=== About this exercise ===
Return each entry word for word, without its pictures.

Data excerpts

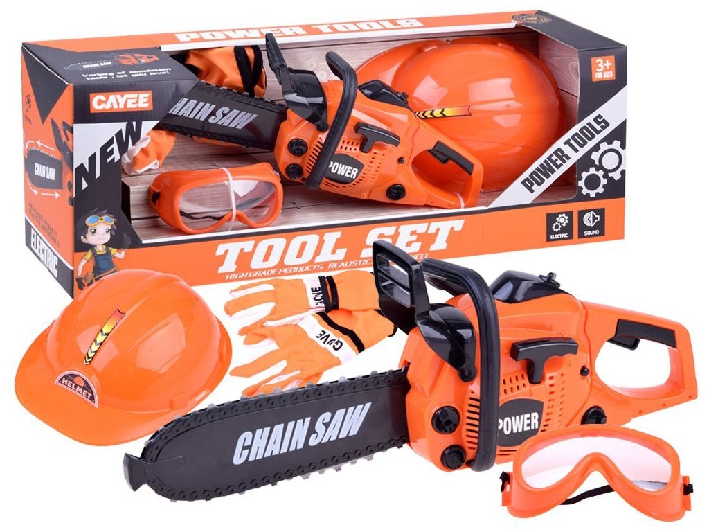 Sestava Malý dřevorubec je ideální hračkou pro každého malého pomocníka na zahradě nebo i doma. Součástí sestavy jsou kromě pily také ochranné pomůcky bez kterých se správný dřevorubec neobejde. Najde zde ochranné brýle, rukavice a helmu. Pila má otočný gumový pás, který imituje řetěz. Při práci vydává pila zvuky skutečného řezání. Hračka je určena pro děti od 36 měsíců věku.
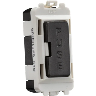 For appliance protection circuits, supplied with replaceable 13A fuse. Part of the Knightsbridge Grid system. Module simply clips into position from the front of the mounting frames (sold separately)Technical Specification:Projection (mm): 2.5Recessed Depth (mm): 21.2Min. Mounting Box Depth (mm): 35mmConstruction: ABSConstruction 2: & steelFinish: Smoked BronzeIP Rating: IP20Primary Voltage: 230V 50HzDimensions: Height: 56mmWeight: 0.021KgWarranty: 15 Years
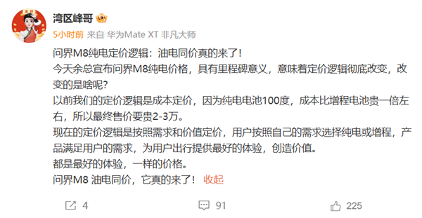 據介紹,求和問界M8產品經理“@ 灣區峰哥”發文解釋了問界M8純電定價邏輯:
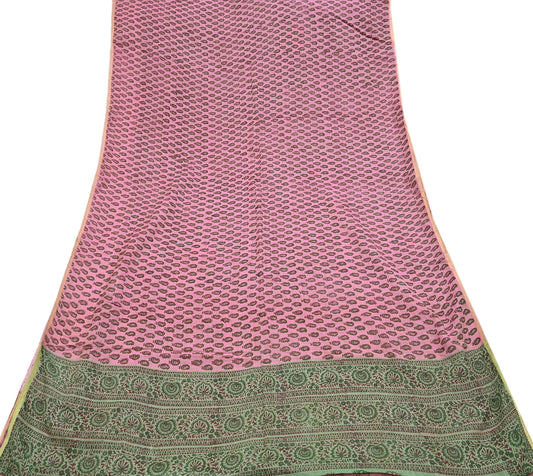 Indian Vintage Pink Pure Silk Printed Saree 6 Yards Soft Floral Fabric for Dressmaking, Quilting, Crafting, Sewing & Upcycling
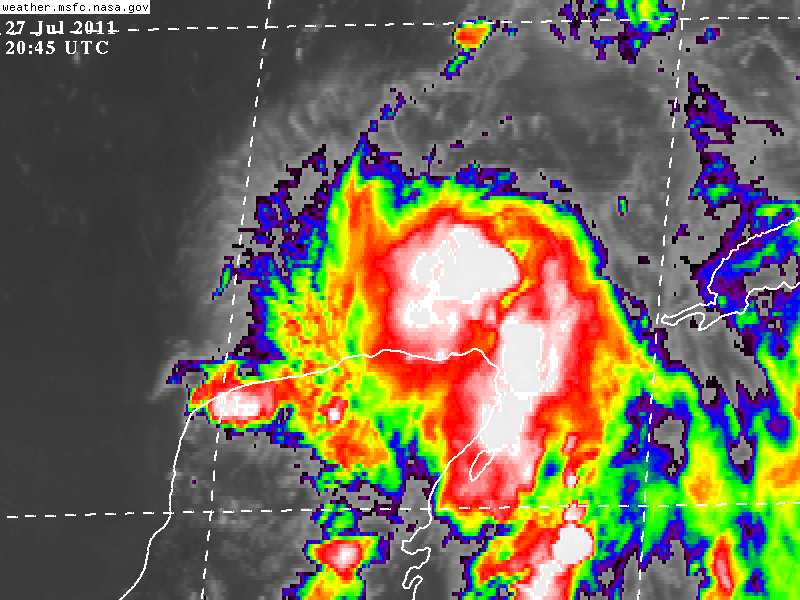 Derivado de la intensa Onda Tropical #12 Se ha formado esta tarde la Tormenta Tropical "DON" en el Sureste del Golfo de México, a 100Km al Noreste de El Cuyo, Comisaría de Tizimin. Imágenes de Satélite indican que la principal actividad asociada se encuentra al Norte de dicho Sistema aún que tambien se observa desarrollo de nublados en el Norte de nuestra entidad, así como en el vecino estado de Quintana Roo.
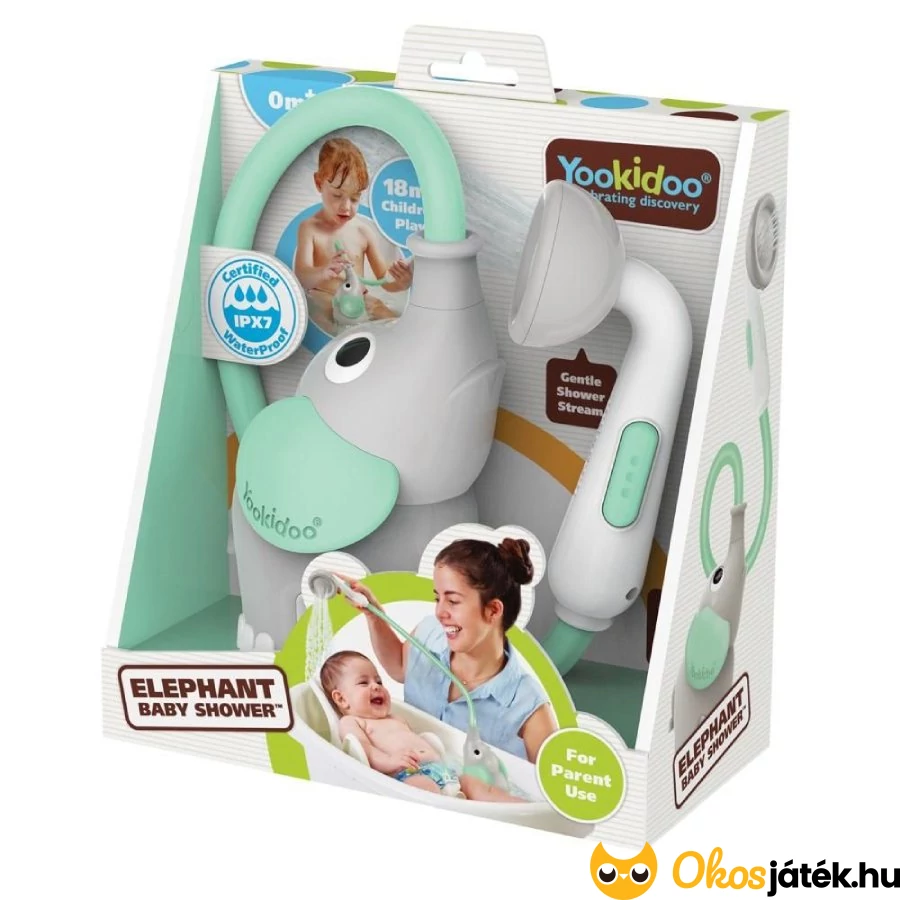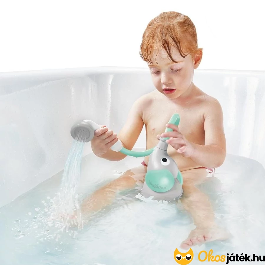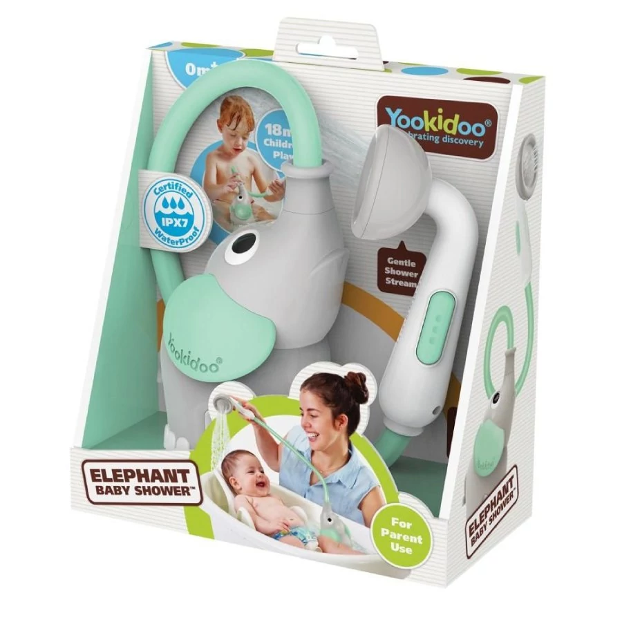 A szülőnek nincs más teendője, mint a fürdővízbe tenni a kis elefántot, megnyomni a zuhanyfej oldalain található gombokat és már indulhat is lágy a vízsugár a kedves kiselefánt hosszú ormányából.

=== Answer to this task ===
 Sestava Malý dřevorubec je ideální hračkou pro každého malého pomocníka na zahradě nebo i doma. Součástí sestavy jsou kromě pily také ochranné pomůcky bez kterých se správný dřevorubec neobejde. Najde zde ochranné brýle, rukavice a helmu. Pila má otočný gumový pás, který imituje řetěz. Při práci vydává pila zvuky skutečného řezání. Hračka je určena pro děti od 36 měsíců věku.
 For appliance protection circuits, supplied with replaceable 13A fuse. Part of the Knightsbridge Grid system. Module simply clips into position from the front of the mounting frames (sold separately)Technical Specification:Projection (mm): 2.5Recessed Depth (mm): 21.2Min. Mounting Box Depth (mm): 35mmConstruction: ABSConstruction 2: & steelFinish: Smoked BronzeIP Rating: IP20Primary Voltage: 230V 50HzDimensions: Height: 56mmWeight: 0.021KgWarranty: 15 Years
 據介紹,求和問界M8產品經理“@ 灣區峰哥”發文解釋了問界M8純電定價邏輯:
 Indian Vintage Pink Pure Silk Printed Saree 6 Yards Soft Floral Fabric for Dressmaking, Quilting, Crafting, Sewing & Upcycling
 Derivado de la intensa Onda Tropical #12 Se ha formado esta tarde la Tormenta Tropical "DON" en el Sureste del Golfo de México, a 100Km al Noreste de El Cuyo, Comisaría de Tizimin. Imágenes de Satélite indican que la principal actividad asociada se encuentra al Norte de dicho Sistema aún que tambien se observa desarrollo de nublados en el Norte de nuestra entidad, así como en el vecino estado de Quintana Roo.
 A szülőnek nincs más teendője, mint a fürdővízbe tenni a kis elefántot, megnyomni a zuhanyfej oldalain található gombokat és már indulhat is lágy a vízsugár a kedves kiselefánt hosszú ormányából.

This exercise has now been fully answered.